Leadership = influence, ability or responsibility to effect people towards a goal/objective; it's the application of beliefs, values, character, skills and knowledge towards accomplishing a desired movement of people. Romans 8:28 lists it as a gifting within the Body of Christ and something to be administered with "diligence." Outside of the church leadership is largely assigned based upon attractive qualities of exterior qualification. Biblically, it's not quite so logical...stuttering sheep herding fugitives are sent to lead a multi-million man march, fisherman are called to be travelling spokesmen, young men from single mother homes are put in leadership of frontier churches and lower class blue collar workers are sent with a small group of followers to overthrow oppressive armies. Sometimes leadership roles had qualifications (spiritual maturity, devotion, abandonment of fleshly loyalties to pursue God as first in all of life), sometimes a matter of gifting beyond natural possession for Kingdom purposes, always intended for the mission and advancement of the Kingdom of God among us.

Discipleship = following Jesus, the process of learning, understanding and obeying His Way; the activity of seeking after higher levels of following while bringing other people to join in the pursuit, life and experience. We are disciples (noun) and are all called to make disciples (verb). We're all discipled to Jesus with each other; we're called to bring along, teach, show and share the journey we are on with anyone willing to join the Way. It's commanded without prerequisite at the culminating speech by Jesus - Go, and while you're going be making disciples everywhere, baptizing them in My Name, teaching them to follow Me in everything I've shown you. There's no mention of gifting associated with fulfilling this function of the Kingdom. It's a universal aspect of Kingdom citizenship: you disciple as you're discipled.

You train leaders and deploy them as they are "ready." Discipleship is a messy-don't-wait-until-it's-baked-get-telling-them-about-Me-now thing. It's desperately necessary, excruciatingly missing in so many parts of the Church (world-wide), rapturously consuming and unstoppably transformational. It's not the cosmic multi-level marketing scheme from On High - it's a flat org chart: there's God then there's us. When it works it's even flatter: it's us IN Him!

The main points that left this discussion:

(1) Discipleship is not an option, a specialization of Christians to be outsourced - it's something we all must do

(2) You can't wait to start...if you know Jesus, then you can start discipling. Your limitation as a disciple-maker is only your discipleship in Christ and with His Body.

(3) Leadership brings responsibility, and where it lacks it must be pursued, grown, refined and advanced.

(4) Act now. Be a disciple, go make disciples and if you're gifted to, called to, required to, unavoidably leading then for the sake of everyone do it diligently to the glory of God!

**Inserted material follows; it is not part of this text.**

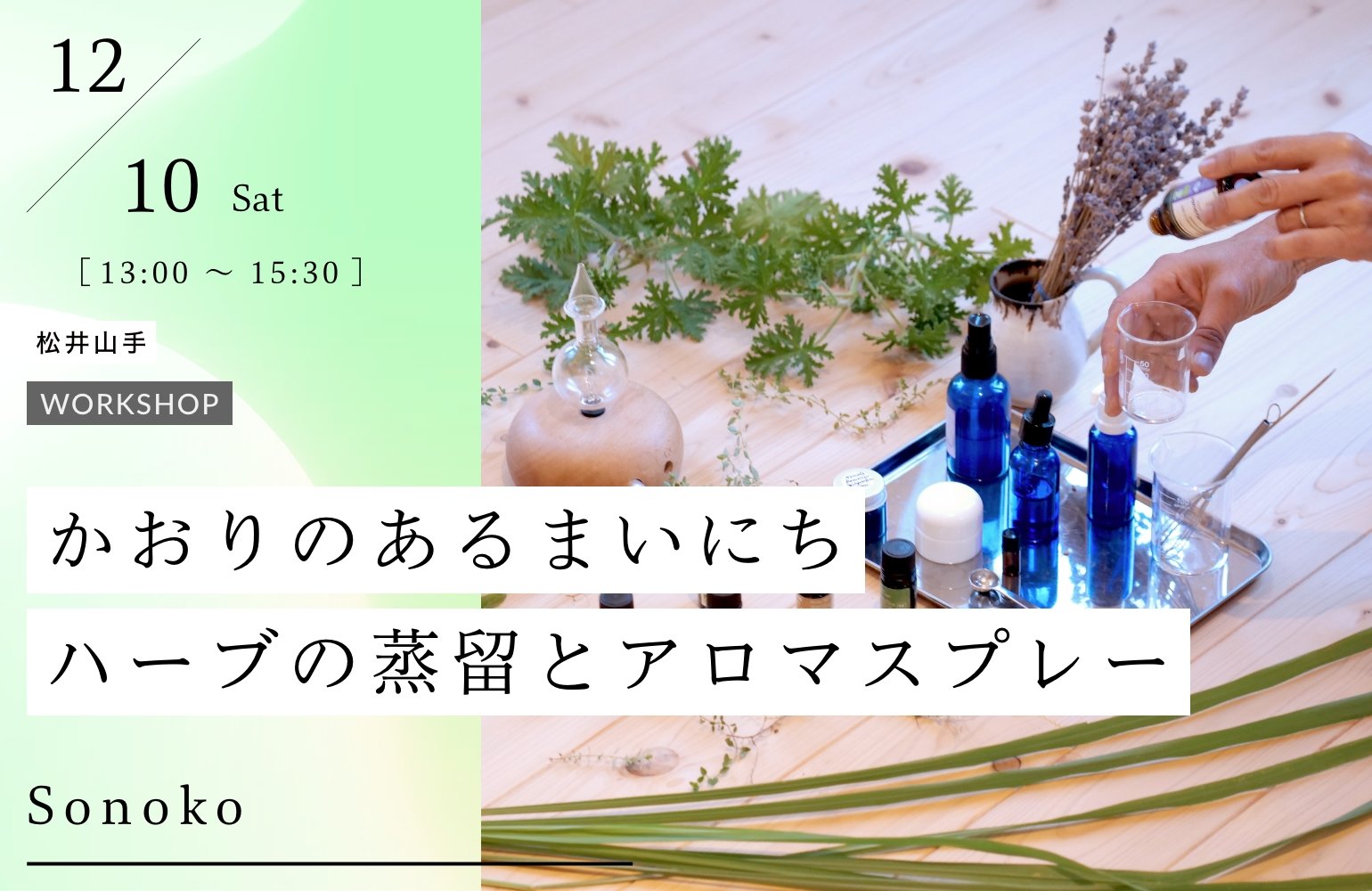 数種類のオーガニックハーブを使って蒸留を行い、フローラルウォータを抽出します。そしてアロマスプレー作りも行いますよ。身体も思考も忙しくなりがちなこれからの季節を、やさしく、そして力強いアロマのサポートをかりて、快適に過ごしましょう。蒸留中はみずみずしい香りが部屋中に広がって、しあわせな気持ちに。ぜひご体験ください!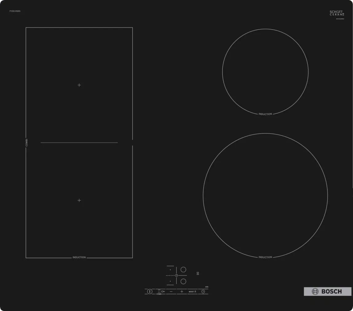 Bosch Serie 4 PVS61RBB5E, Nero, Da incasso, 60 cm, Piano cottura a induzione, Vetro-ceramica, 4 Fornello(i)

You can be a good leader and a lousy disciple. You can't be a disciple without discipling and leading by the very definition...because to be a disciple is to obey and follow, which means to grow and influence others to also follow Jesus (which makes you a covert leader).

This entry was posted at Thursday, July 31, 2008 . You can follow any responses to this entry through the comments feed .

1 thoughts and responses

Anonymous  

Great thoughts! We are all natural born leaders and disciplers. The question is, "Where are we leading and what are we discipling"?

This can be easily seen in the children we raise. It's our choice to make a conscious decision who we will follow and in turn lead.